NEW YORK – Medicaid is critically important for health care in small towns and rural areas, especially for children, according to a new report.

The state-by-state analysis, prepared by the Georgetown University Center for Children and Families, found that, nationally, 16 percent of adults and 45 percent of children living outside of metropolitan areas are insured through Medicaid, significant increases since before the Affordable Care Act's Medicaid expansion.

Joan Alker, executive director of the Georgetown center, maintains that's something federal lawmakers need to consider as they contemplate huge proposed cuts to the program.

"That's so important for folks to understand, that the Medicaid program is really the backbone of health insurance in these rural areas and small towns," she states.

In New York state, 42 percent of small town and rural children were covered by Medicaid in 2015, an increase of 8 percentage points since the expansion.
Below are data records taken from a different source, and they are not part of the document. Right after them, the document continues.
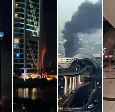 On 1 March 2026 Iran targeted oil facilities and US bases in Bahrain, Qatar, and the UAE . Debris from intercepted drones caused a fire at the Burj Al Arab hotel in Dubai, and an Asian national was killed at Abu Dhabi airport.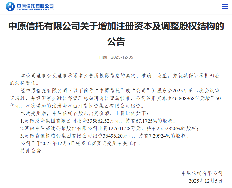 另据中原信托公众号消息,近日公司陆续收到国家金融监督管理总局河南监管局批复和河南省市场监督管理局新营业执照,标志着中原信托2025年增资扩股工作圆满完成。增资后,中原信托注册资本达到50亿元人民币,资本实力和综合竞争力迈上新台阶。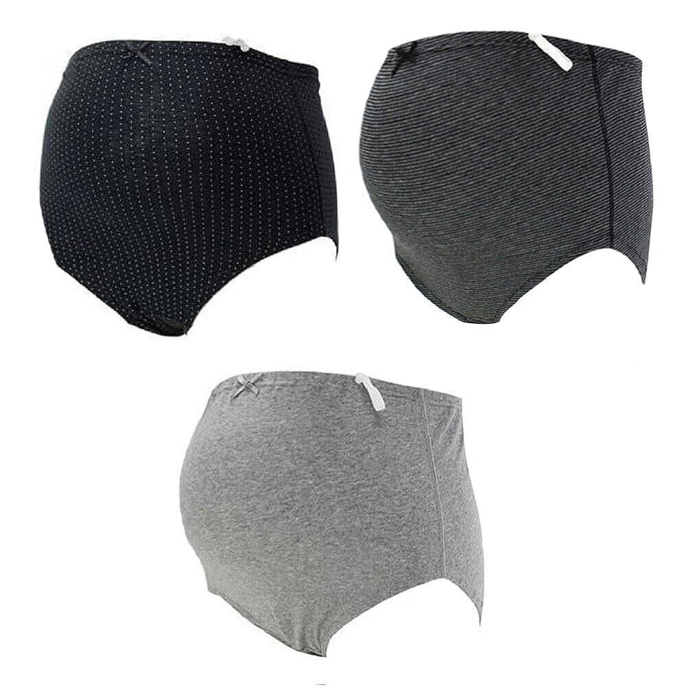 ローズマダム 肌にやさしい マタニティショーツ 綿100%でノンストレスの履き心地 ウエストゴム調整 お得な3枚組 7309 D-ブラックドット、グレー無地、ブラックボーダー M-L
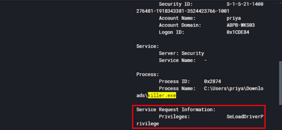 So another critical finding tied to this execution was the invocation of SeLoadDriverPrivilege by the malicious binary. This is one of the most dangerous Windows privileges you can have because it allows loading custom kernel-mode drivers directly into the Windows kernel.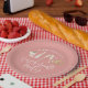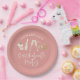 Pink girly modern cocktail script bachelorette paper plate party design.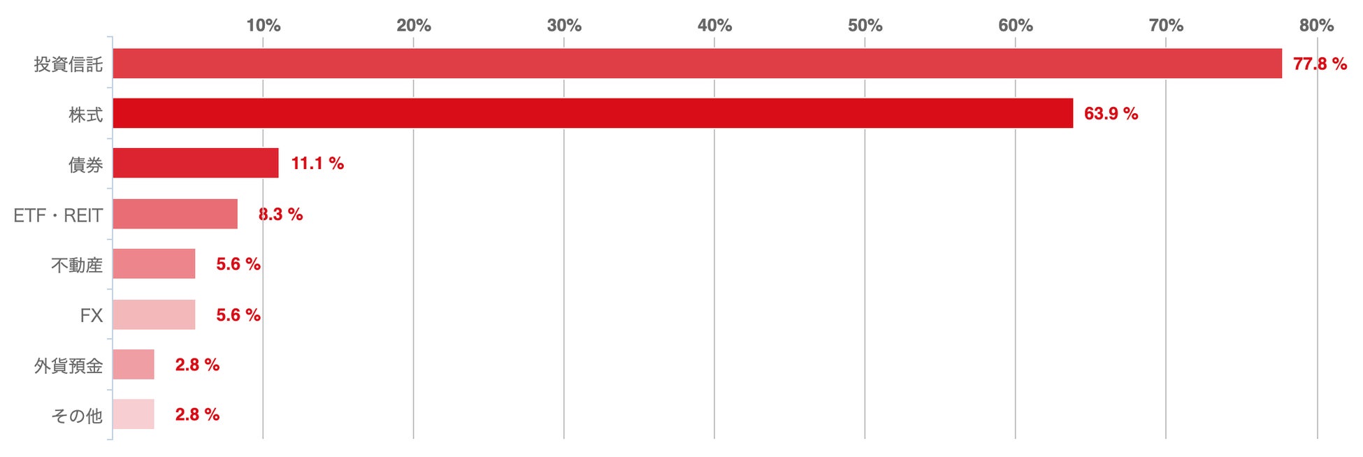 回答者のうち77.8%が「投資信託」をポートフォリオに組み込んでいる。これは「ほったらかし投資が可能なこと」や「リスクとリターンのバランスが取れること」が評価されているためである。

According to Kate Breslin, president of the Schuyler Center for Analysis and Advocacy, children who have access to health care do better in school, have higher graduation rates and greater success in adult life.

"So the consequences of not having coverage are both health and education related for kids, as well as problems with economic security for whole families," she points out.

Almost 98 percent of New York children now have health insurance, due in large part to the availability of Medicaid.

Alker adds that in many rural communities, Medicaid programs also are supporting rural health centers and hospitals.

"Those institutions serve the whole community, not just folks who are on Medicaid, so if we see very large cuts in Medicaid those rural hospitals and health centers are at risk of closure," she states.

The report concludes that rural areas and small towns are more likely to reap the health and economic benefits of Medicaid, and more likely to suffer consequences if the program is cut.